Absolutely, and most folks working on secure P2P architectures have set the bar *much higher than your average script kiddie. (like military and corporate espionage)
[quote]The simplest (and only proven) way to do this is with server-side logic in a well designed and security audited backend.
[/quote]
I agree that this is the simplest way to do it, which is why it’s also the most popular, and by proven, I assume you mean “tried and true” A number of techniques have been developed for securing various types large-scale p2p systems from abuse, but they are not simple solutions and may not be readily available until more mature p2p infrastructures emerge.
quote Unfortunately the best solutions for good-gameplay tend to be diametrically opposed to this. (Moving functionaliy close to the player perceiving it). This is a fundemental tension in online game design and balancing it is the job of a good technical architect.
[/quote]
True, and unfortunately most currently viable, secure P2P architectures are more about making use of the network of CPUs rather than moving priviledged functionality closer to the client accessing it. In most cases the number of hops are the same, so the benefits of P2P tend to be in scalability, not performance. There is some interesting work being done in military applications for securing true p2p networks where all computing is done locally, but unfortunately my NDA prohibits me from saying more.
Needless to say, this won’t be immediately useful to game developers, but may be more so in a few years.
Yep, and most secure P2P solutions assume this. As long as I know who’s processing my data I can cheat. This was the issue with the die rolling example for more than two players. The key is reducing or effectively eliminating the possibility of knowing who’s processing your data. Not easy, but doable as demonstrated by the SET@Home project (yep, people tried to cheat there too, some out of a desire to “improve” on the data analysis algorithms, others for less savory reasons)
True. This is also a recognized issue in secure p2p development and one where the self-healing qualities of the network actually serves as potection against these kinds of attacks. By eliminating a single point of failure, you can prune renegade nodes without disrupting the system. Mind you, this all depends on the specific design of the game and the type of p2p architecture you employ. Most of the p2p architectures I’m talking about are brokered (mediated by one or several protected servers, whose role it is manage the communication and behavior of nodes on the network)
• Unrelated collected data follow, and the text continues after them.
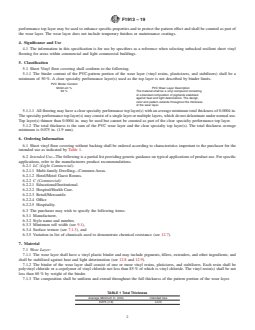 ABSTRACT This specification covers sheet floor covering having a vinyl wear layer without backing. Products also may contain a clear specialty performance top layers. This type of floor covering is intended for use in commercial and light commercial buildings. The wear layer shall have a vinyl plastic binder and may include pigments, fillers, extenders, and other ingredients. This layer shall be stabilized against heat and light deterioration. The binder content of the PVC-pattern portion of the wear layer such as vinyl resins, plasticizers, and stabilizers shall be a minimum of 50 %. SCOPE 1.1 This specification covers sheet floor covering having a vinyl wear layer without backing. Products also may contain a clear specialty performance top layer(s). 1.2 This type of floor covering is intended for use in commercial and light commercial buildings. General information and performance characteristics, which determine serviceability and recommended use, are included in this specification. 1.3 The values stated in inch-pound units are to be regarded as standard. The values given in parentheses are mathematical conversions to SI units that are provided for information only and are not considered standard. 1.4 This standard does not purport to address all of the safety concerns, if any, associated with its use. It is the responsibility of the user of this standard to establish appropriate safety, health, and environmental practices and determine the applicability of regulatory limitations prior to use. 1.5 This international standard was developed in accordance with internationally recognized principles on standardization established in the Decision on Principles for the Development of International Standards, Guides and Recommendations issued by the World Trade Organization Technical Barriers to Trade (TBT) Committee.
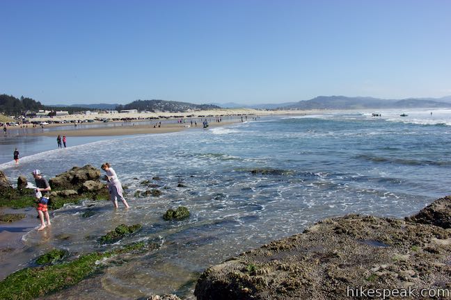 Watch waves roll up on the beach at take a good look at Haystack Rock, also known as Chief Kiawanda Rock. This pyramid of dark rock just off the coast is a few hundred feet tall and fairly uniformly shaped, except for a small appendage on the north side that forms a small tunnel. North of here, near Cannon Beach, is another better-known monolith called Haystack Rock.
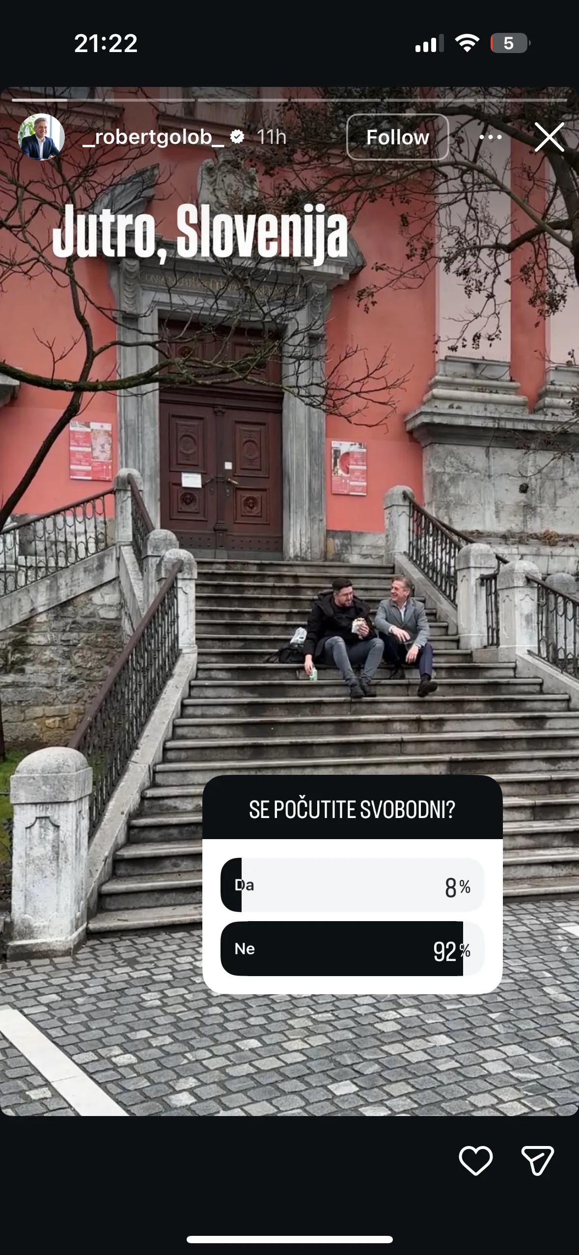 Na njem je tudi vprašanje, ali se ljudje počutijo svobodne. Kar 92 odstotkov uporabnikov je nasprotnega mnenja! Dragi volivci, naj nam ne zdrsne še enkrat!

Further note: For those of you wondering where all this p2p security work is happening, take a look under “Mobile Ad-Hoc Networks” also known as MANET’s. Most of these applications assume that a) any node (as well as the routes between nodes) may be compromised at any time, that b) multiple nodes may be compromised and collude to fool (cheat) or disrupt the system, and that c) there may be no central mediator to prevent these attacks. There is quite a bit of money (especially military money) going into this research (certainly more money than the gaming community can afford at this point) and a number of interesting solutions have been developed.
Whether any or all of this work will be applicable to gaming remains to be seen, but as it shares many of the same concerns, I’m optomistic that some number of categories of online games will benefit from this work.
Great! I was just going to ask about literature on the subject, but Google seems to bring up enough stuff when one does a search for “Mobile Ad-hoc Networks”. You wouldn’t happen to know of any book for an engineer, rather than a researcher, on the work that has been done in the area though? (I’m thinking of something like Bruce Schneier’s Applied Cryptography but for MANETs)
[quote]Great! I was just going to ask about literature on the subject, but Google seems to bring up enough stuff when one does a search for “Mobile Ad-hoc Networks”. You wouldn’t happen to know of any book for an engineer, rather than a researcher, on the work that has been done in the area though? (I’m thinking of something like Bruce Schneier’s Applied Cryptography but for MANETs)
[/quote]
I’ll look through my notes, and ask around. I’m pretty sure I’ve seen at least one recently.